- New multimodal feature lets users upload images for analysis
- Company says “visual primitives” approach improves reasoning efficiency and accuracy
China’s leading large language model DeepSeek has rolled out an image recognition feature to users, marking a shift away from text-only interaction and into multimodal AI that can process and interpret visual inputs.
The update allows users to upload images directly for analysis, enabling the model to read text, identify objects and interpret visual context — including details in cultural relics or implied meaning in facial expressions.
DeepSeek’s image understanding feature began a phased rollout in late April 2026 and was made widely available to users on May 9, according to the company.
Alongside the release, DeepSeek published a technical report outlining its multimodal architecture, which it calls “Thinking with Visual Primitives.”
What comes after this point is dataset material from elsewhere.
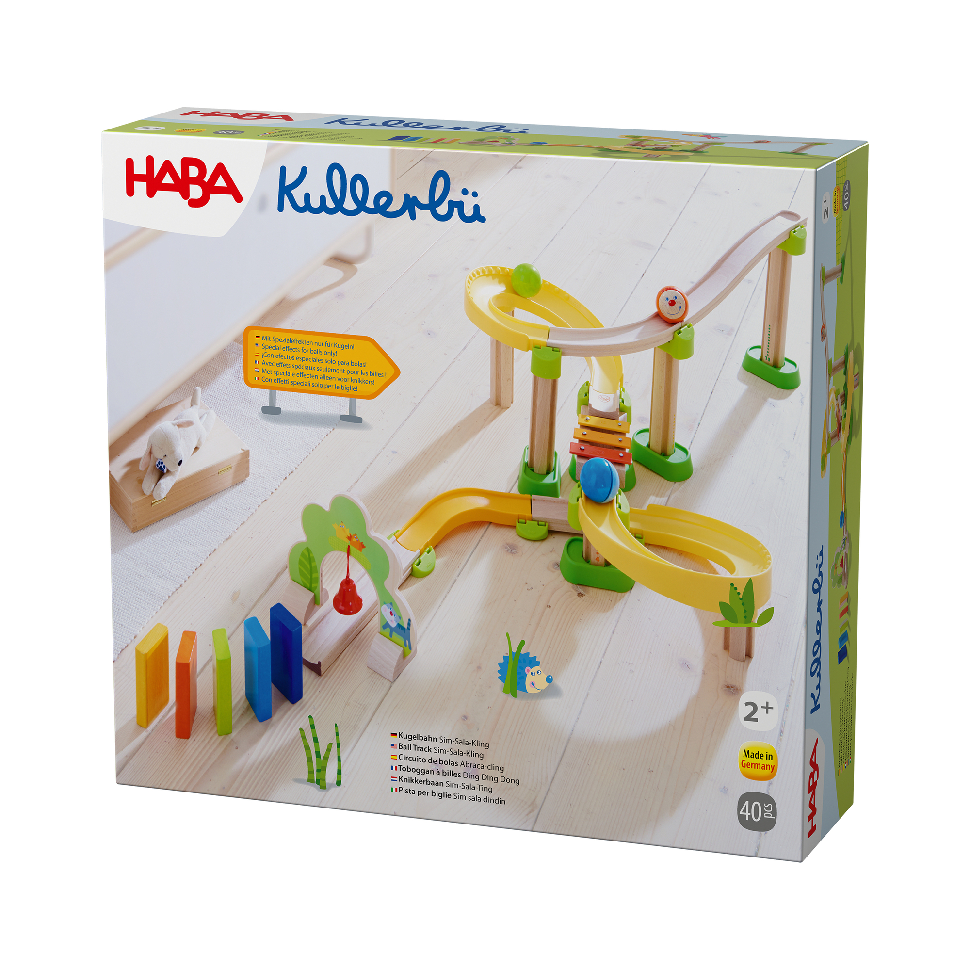 Guličková dráha Kullerbü Sim-Sala-Kling od Haba je rozprávkovo krásna a prekvapí malých staviteľov od 2 rokov viacerými zvukovými efektmi. Celkovo 38 dielov čaká na to, aby sa z nich postavila fantazijná guľôčková krajina. Vlnitá zákruta, strmé guľôčkové zákruty, rampa a niekoľko rovných dielov sa postarajú o zábavu už pri samotnom stavaní. Stĺpiky posúvajú guľôčkovú dráhu do vzdušnej výšky a dodávajú hre tempo. Zelené spojovacie prvky zaručujú, že guľôčková dráha Kullerbü Sim-Sala-Kling stojí pevne a bezpečne. Po zostavení stačí malý šťuchanec a guľôčka Paul sa „vrhne“ nadol, prejde prvou strmou zákrutou a rozbehne sa po zvukových schodoch. Po ďalších zákrutách a bráne so zvončekom na cieľovej rovinke čaká guľôčku Paula úloha – zhodiť dominové kamene. Pre všetkých, ktorí chcú vedieť o Kullerbü ešte viac, sú pripravené rozprávky na čítanie, kreatívne nápady, informácie pre rodičov a hry v tematickom svete Kullerbü. Obsah balenia: 1 vlnitá zákruta, 2 strmé guľôčkové zákruty, 1 zákruta, 2 rovné diely, 1 rampa, 7 stĺpikov, 1 štartovací diel, 5 dominových kameňov, 1 efektová guľôčka a 1 guľôčka Paul.

The company said the approach differs from conventional multimodal systems by integrating spatial elements such as points and bounding boxes directly into the reasoning process, rather than relying on high-level language descriptions.
DeepSeek argues this helps address what it describes as a “reference gap” in traditional models when handling dense visual scenes, where vague textual descriptions can lead to reasoning drift or loss of precision.
On efficiency, the company said processing an 800 by 800-pixel image consumes around 90 tokens, compared with about 870 tokens for Claude Sonnet 4.6 and roughly 1,100 tokens for Gemini 3 Flash, according to its report.
In benchmark tests, DeepSeek reported a score of 89.2% on Pixmo-Count, a benchmark dataset used to evaluate AI models’ ability to accurately count objects in images.
It outperformed Gemini 3 Flash at 88.2%. In maze navigation tasks, it scored 66.9%, while other leading models did not exceed 51%.
However, the company also noted limitations in the current system. The model’s knowledge base is only updated through 2025, meaning it may misidentify newer products.
It also remains unstable in more complex tasks such as optical illusions and difficult counting problems, and does not yet support image generation.
The launch is seen as a step toward closing gaps in DeepSeek’s multimodal capabilities and is expected to intensify competition among Chinese AI developers in visual understanding systems.